Company & Culture Questions:
- What attracts you to GSCF and this role specifically?
- How do you see yourself contributing to our data team's values and collaboration style?
- Can you describe a time when you had to adapt to a significant change in your work environment, and how you handled it?
Portfolio Presentation Strategy:
- Highlight your expertise in data modeling, data warehousing, and cloud-based analytics through previous projects
- Showcase your ability to design, build, and maintain scalable data infrastructure and warehousing solutions
- Demonstrate your experience in creating robust ELT processes and developing data pipelines
- Include data lineage tracking, quality monitoring, and metadata management skills in your portfolio
- Tailor your presentation to GSCF's data team values and collaboration style, emphasizing your fit within the organization
📝 Enhancement Note: The interview process for this role is designed to assess the candidate's technical skills, problem-solving abilities, and cultural fit within the organization.

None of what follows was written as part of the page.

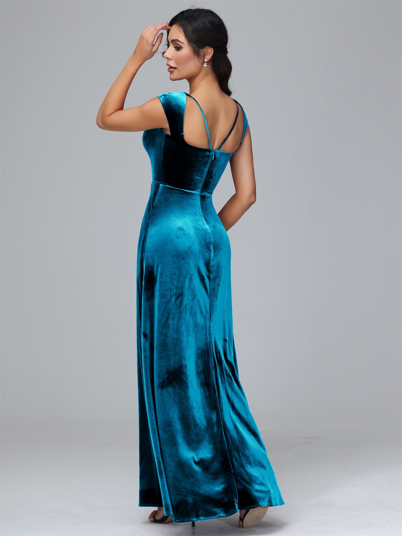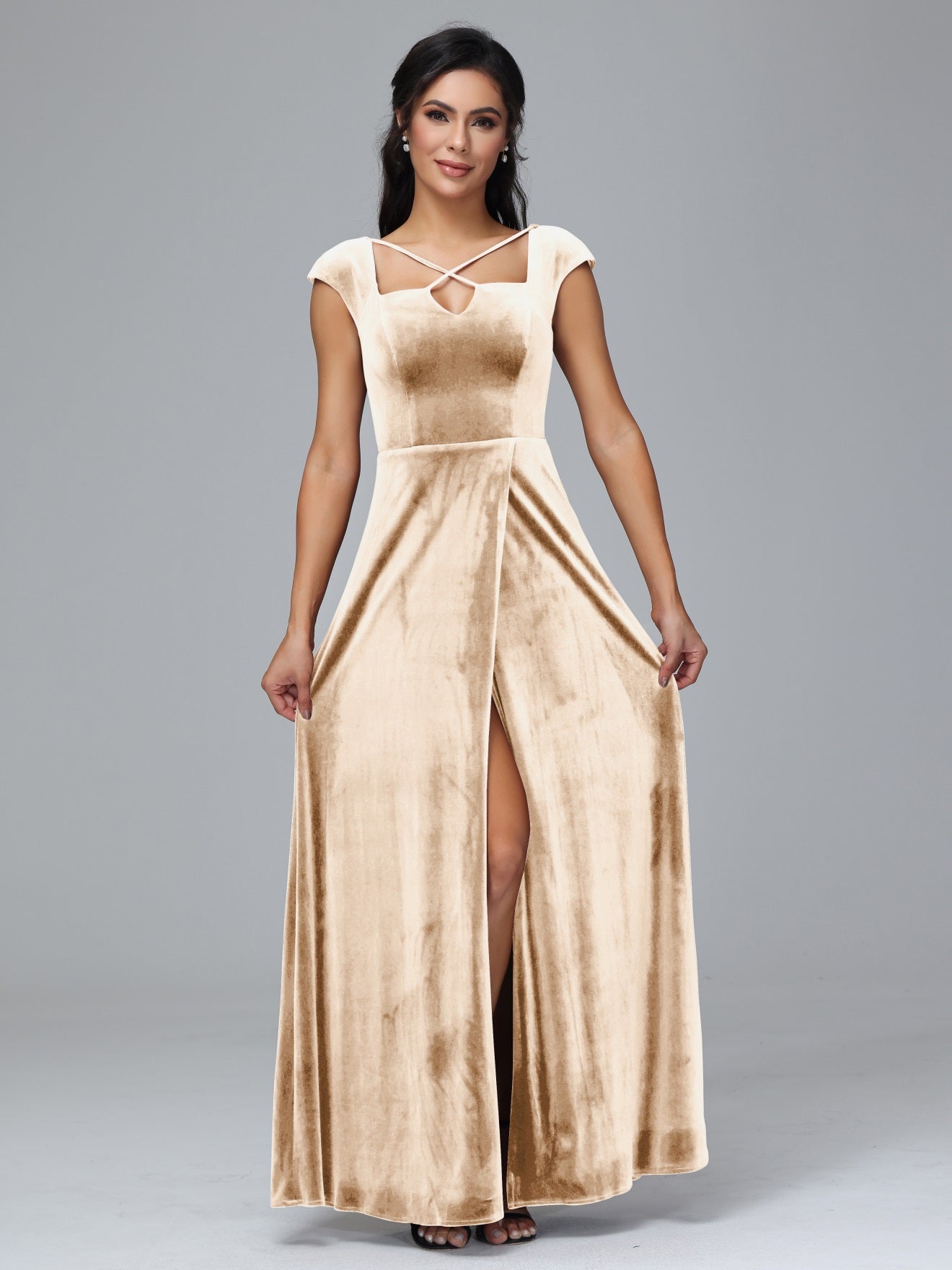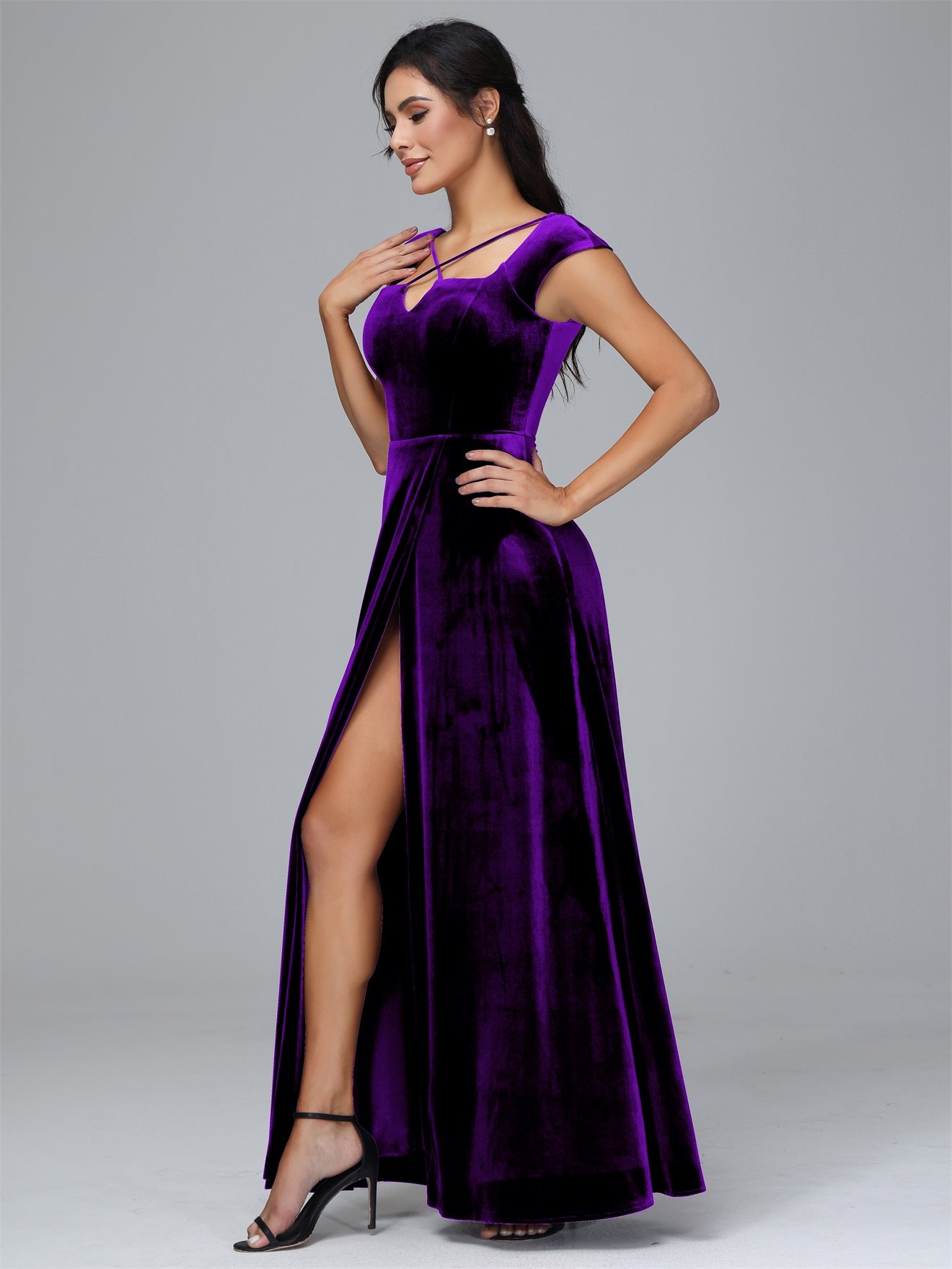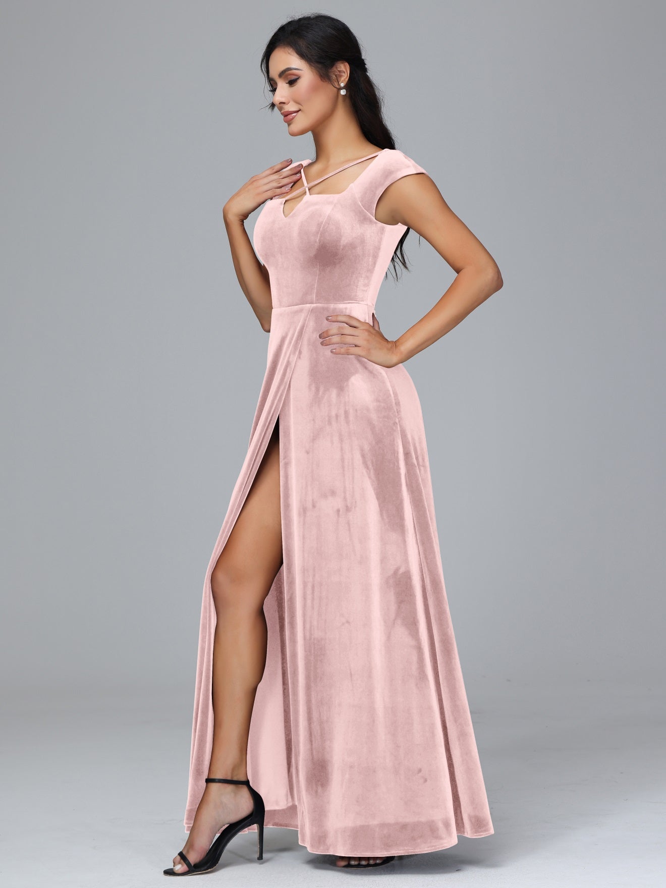 Übergröße Geschlitzter quadratischer Ausschnitt Samt mit Ärmeln Brautjungfernkleider

Successful candidates will demonstrate a strong background in data modeling, data warehaging, and cloud-based analytics, as well as excellent communication and collaboration skills.
📌 Application Steps
To apply for this Senior Data Platform Engineer position at GSCF:
- Customize Your Portfolio: Tailor your portfolio to highlight your expertise in data modeling, data warehousing, and cloud-based analytics, with a focus on scalable data infrastructure and warehousing solutions, robust ELT processes, and data pipeline development.

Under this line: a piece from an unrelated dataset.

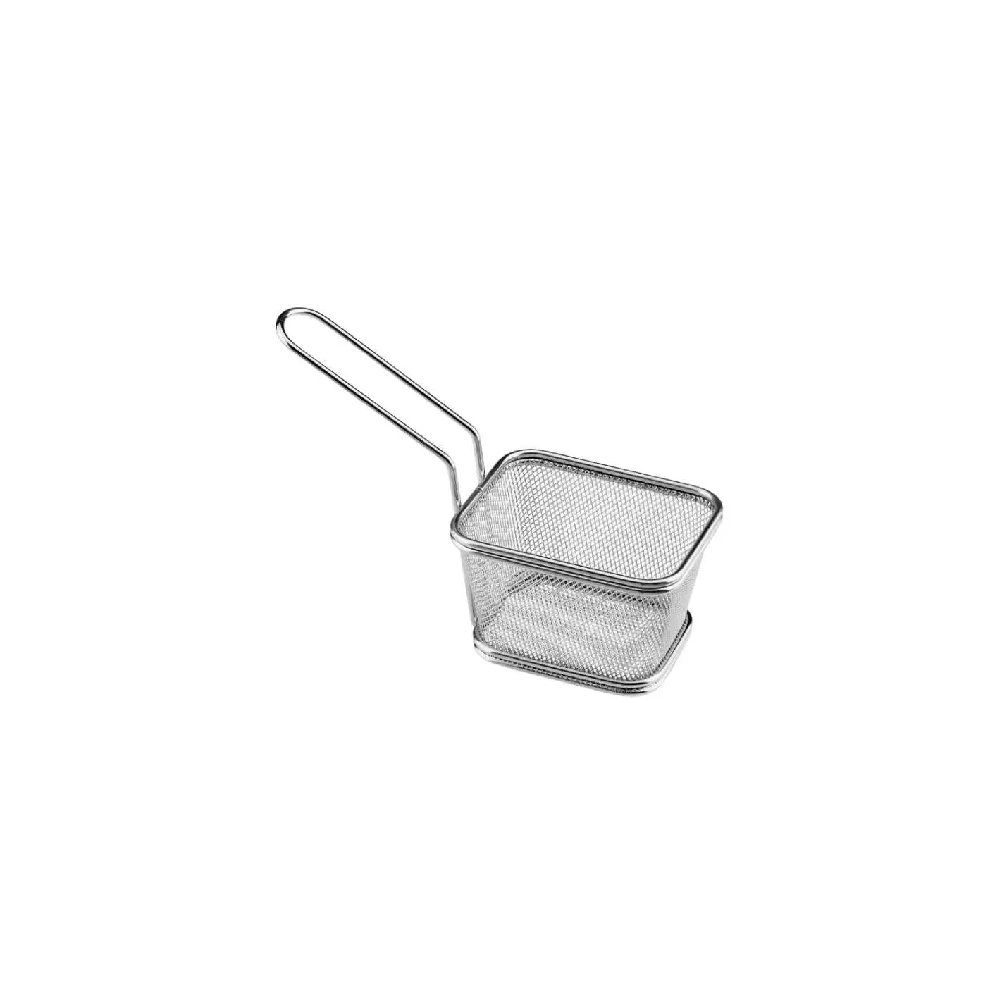 La mini canasta para snacks está fabricada en acero inoxidable y su diseño es apto para servir papas fritas u otros fritos de la cocina, tiene un asa para sostener y servir fácilmente. Canasta resistente a la corrosión y al uso constante.

- Optimize Your Resume: Highlight your relevant experience and skills, including data modeling, data warehousing, cloud services, data orchestration tools, and modern cloud data platforms. Emphasize your problem-solving abilities, communication skills, and cultural fit within the organization.
- Prepare for Technical Assessment: Brush up on your SQL skills, focusing on analytical query and database performance tuning. Review your experience with data modeling concepts, cloud services, data orchestration tools, and modern cloud data platforms. Familiarize yourself with data governance, privacy, security, and compliance requirements.
- Research the Company: Learn about GSCF's global presence, collaborative team culture, and data-driven approach to decision making. Understand the company's role in the financial services industry and its commitment to working capital solutions.
⚠️ Important Notice: This enhanced job description includes AI-generated insights and web technology industry-standard assumptions. All details should be verified directly with the hiring organization before making application decisions.
Application Requirements
Candidates should have over 5 years of experience in SQL, data warehousing, and cloud services. Strong skills in data modeling, Python programming, and data orchestration tools are also required.